What's your name and how is it pronounced?

My name is Chris Lambertus (“Kris Lamb bert uhss”): it's pronounced exactly how it's spelled.

When and how did you get involved with the ASF?

I've been aware of the ASF probably at least since the inception of the ASF. I've been working in IT for quite a long while, and I've been very familiar with the ASF projects, because I use them daily in my career. I didn't actually get involved with the ASF until a buddy of mine who was working on the CloudStack project mentioned to me that (ASF VP Infrastructure) David Nalley was looking for somebody to do some contract Infra work. Long story short, I talked to David and I tossed in an application. I was eventually hired as a part time contractor.

...So CloudStack, we're talking about 2012, when CloudStack first came into the Apache Incubator, or was it after that?

I've been aware of the ASF probably since HTTPd, since the original Web server came out. I joined the team late 2014.

Explain your role within the Infra team —how did you get here? Were they looking for someone who specializes in something particular?

My understanding was David was really looking for somebody that had a background in production systems engineering and had been doing it for a long time in a production environment.

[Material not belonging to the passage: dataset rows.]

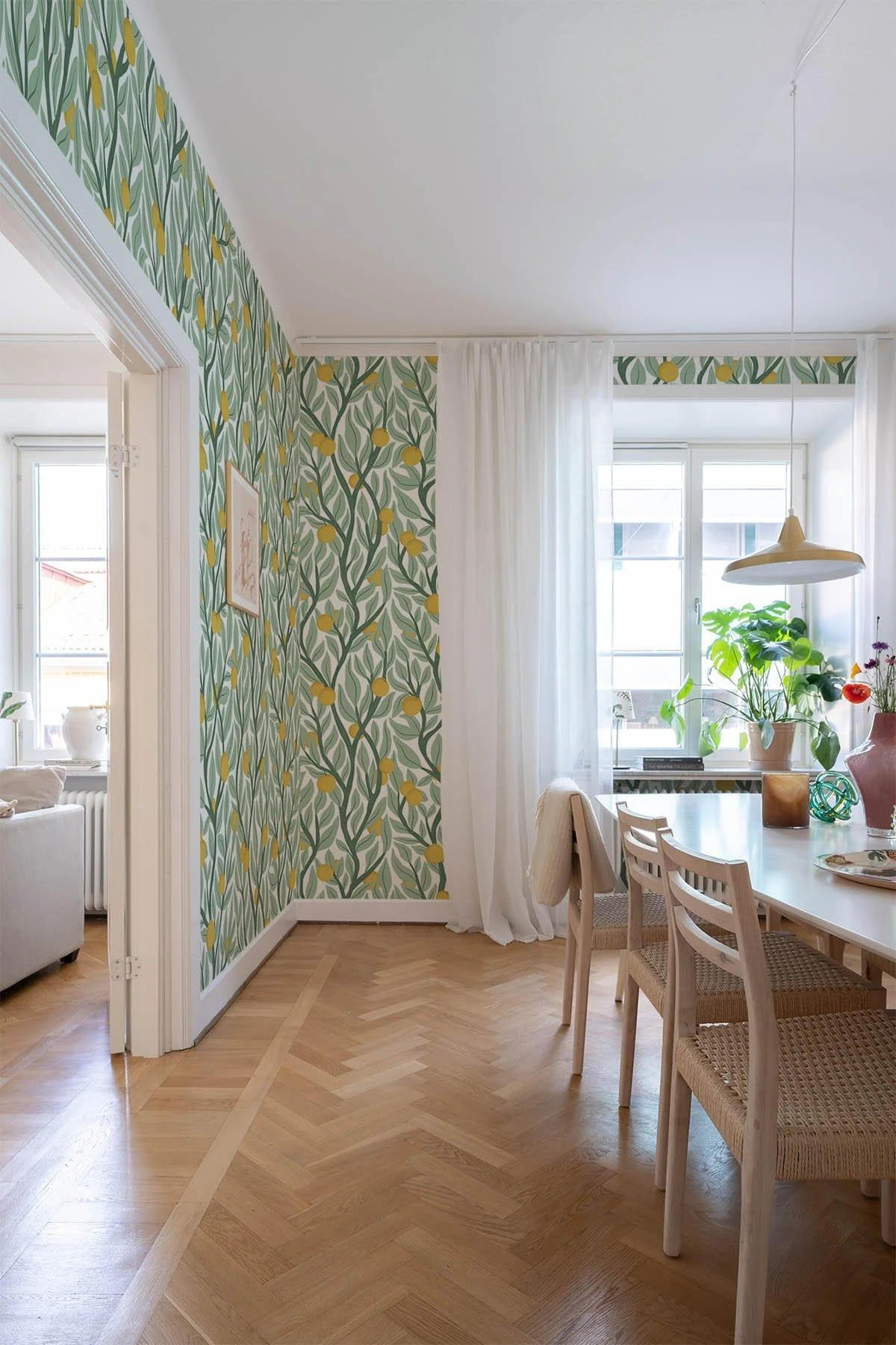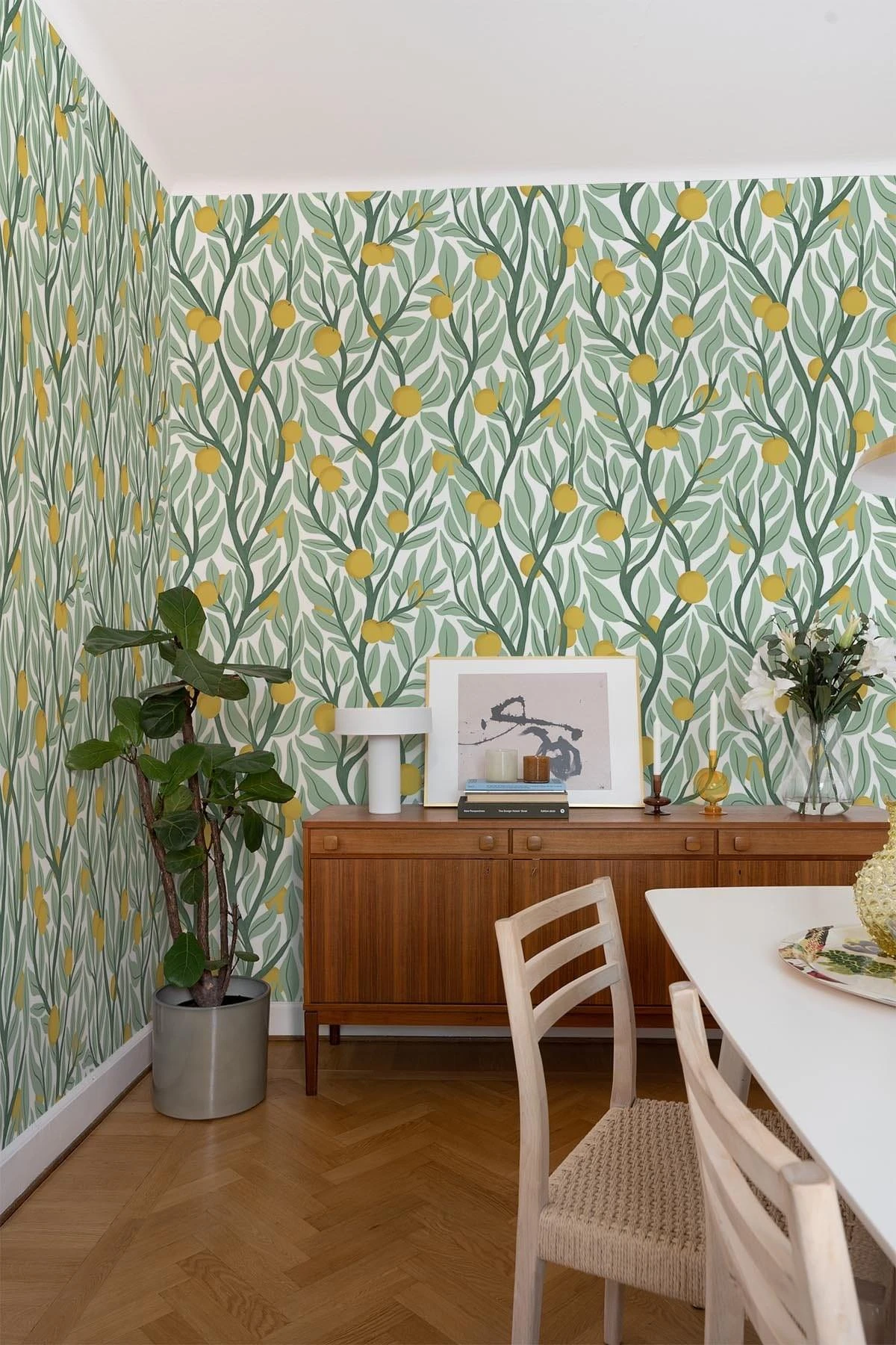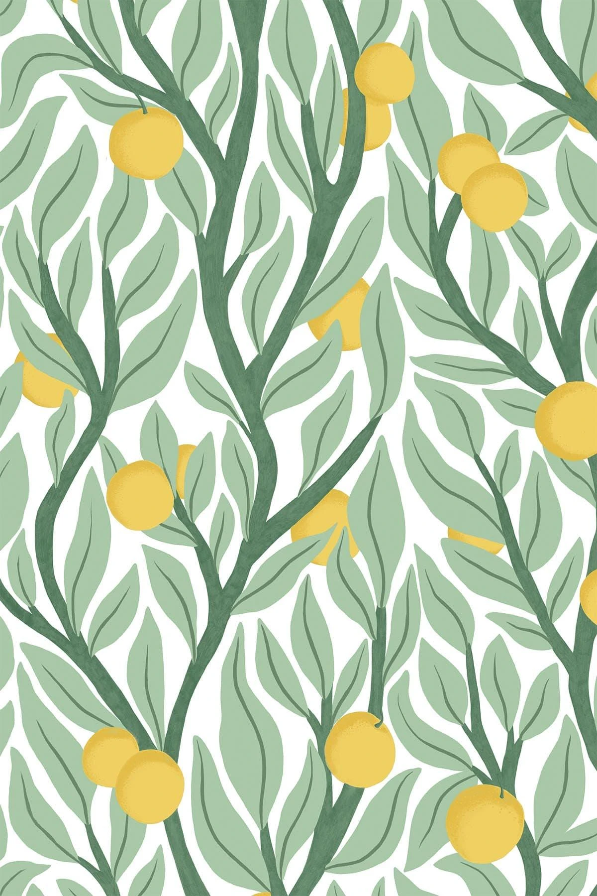 Winding branches with leaves and citrus finds its way from floor to ceiling. The bright colors and complex but balanced repeat gives the design a nostalgic touch.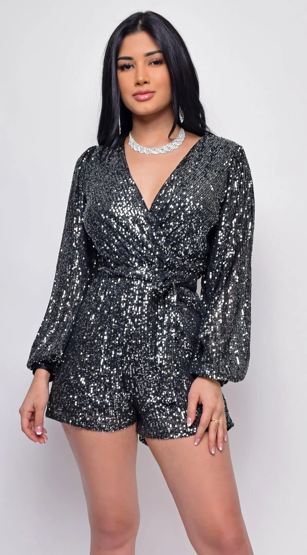 Emprada Jumpsuits & Rompers Anja Black Sequin Wrap Over V Neck Long Sleeve Romper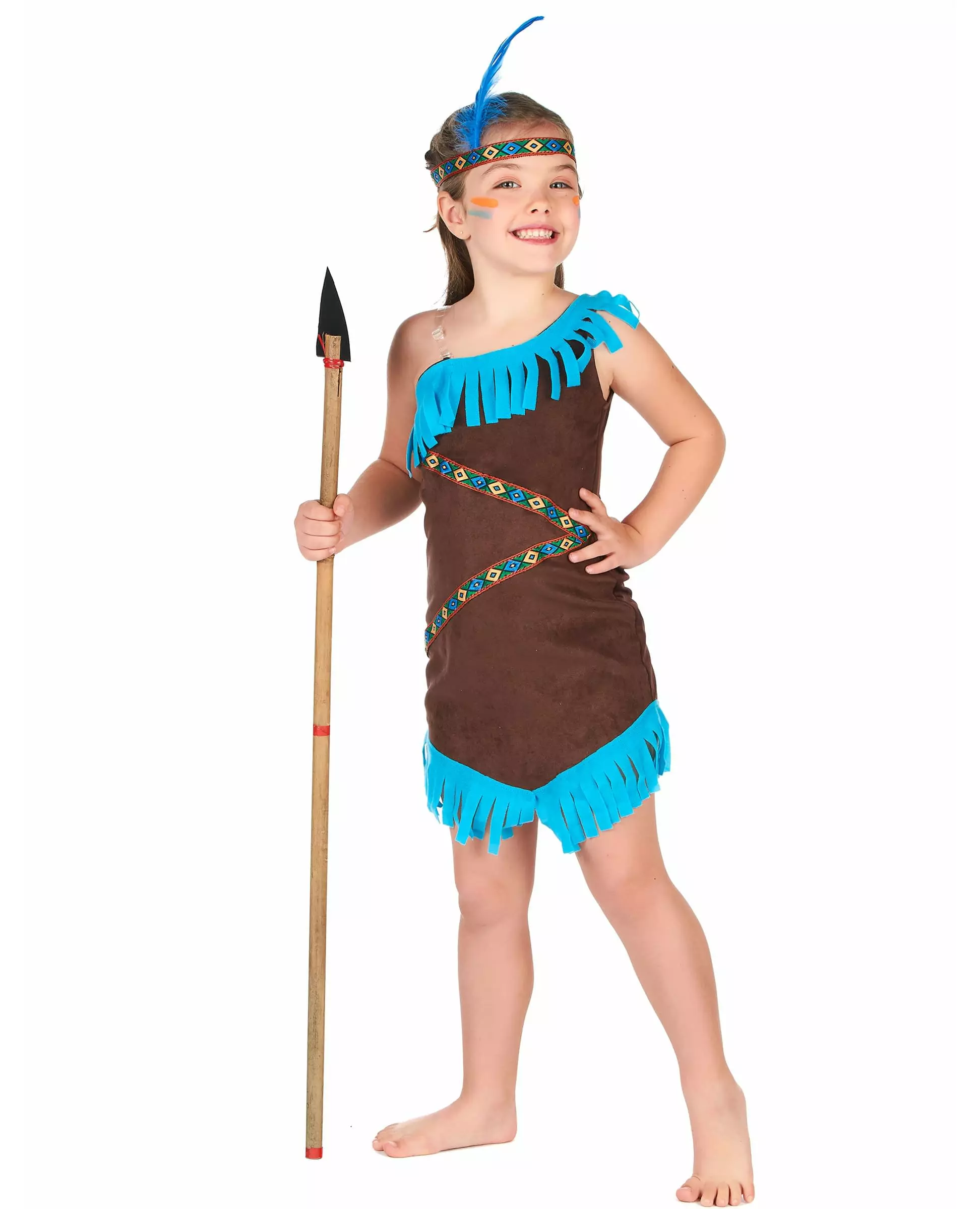 Lille apache! Dette indianerkostymet for jenter består av en kjole og et pannebånd. Den brune kjolen har en asymmetrisk krage. Den er dekorert med blå frynser på toppen og bunnen. Etniske kanter pryder forsiden av kjolen. Pannebåndet er toppet med en blå fjær. Dette lille indianerkostymet vil være perfekt for karneval eller en fest med western-tema. Inkludert tilbehør: Pannebånd til kjolen Materiale: Polyester Stell: Håndvask Målinformasjon: western, indiansk

That's something that I had been doing since 1992: I've been essentially a professional production systems administrator. I knew that skill set was definitely in line with what David was looking for. I think I brought that to the table pretty well. That's basically what I've been doing ever since as a contractor.

What are you responsible for specifically?

That's a complex question, because the ASF Infra sysadmins are essentially responsible for everything. All of us are all responsible for all of the things. We do tend to specialize a little bit. My current project is probably reengineering the mail system: it's the largest one I'm working on right now. I do tend to focus a lot of my efforts on backups. Beyond that, I do a lot of JIRA and Confluence work with Gavin (ASF Infra team member Gavin McDonald). But Puppet, configuration management, again, all these things are things that all the Infra guys support.

In past interviews everyone has basically said, “we do everything”. How does it work? There's no hierarchy. Everyone does everything. Do queries come in and everyone jumps on them? Do you have a round-robin way of getting stuff done? How do you manage with so much going on with Infra? How do you cope with that?

“Cope with it” is an accurate term. Each of us has... I don't really want to call it a specialty, but definitely a focus. If some question comes in about the new mail routing or something that I've been specifically working on, that would go into my bucket as a priority. Certain people have history with certain types of projects. Gavin (Infra team member Gavin McDonald), for example, has been heavily involved with the Continuous Integration infrastructure for many, many, many, many years. So, he tends to be the font of knowledge for all things CI-related.

We tend to break things up that way. Some of the team members definitely have skillsets above and beyond general system administration work. Humbedooh (Infra team member Daniel Gruno’s username) is a very skilled programmer. He then ends up owning a lot of the software that Infra has developed and he has developed. So, questions regarding that, and specialty configurations related to software that he's written tend to go into his bucket. Because of the nature of the team, and because of the nature of the time zones that we're all in, the responsibility of dealing with issues follows on whoever is on call, first of all, and then whoever is awake and available, to handle any situation that comes up regardless of who "owns" the technology.

Describe a typical workday for you.

Apache work for me is basically: I wake up in the morning, hopefully not at 3:00 in the morning, but get out of bed and plop down in front of the computer. Essentially, my lifestyle is I've always been a computer guy. I've always been really focused on computer system administration, not only as my work but also as a hobby. So, I spend the vast majority of my day behind the computer, whether I'm working on Apache stuff or working on other projects, things like that. That'll go on until 11:00 at night. So, my "workday" is essentially me living my life and doing tasks as they arrive and doing projects as necessary and getting things done that need to get done.

...All the things.

Regardless of the time of day, yeah.

How do you keep your workload organized? Folks have all sorts of different systems. Are you an Evernote type of person, or do you keep your own journal? Do you have a certain system to help manage your workload?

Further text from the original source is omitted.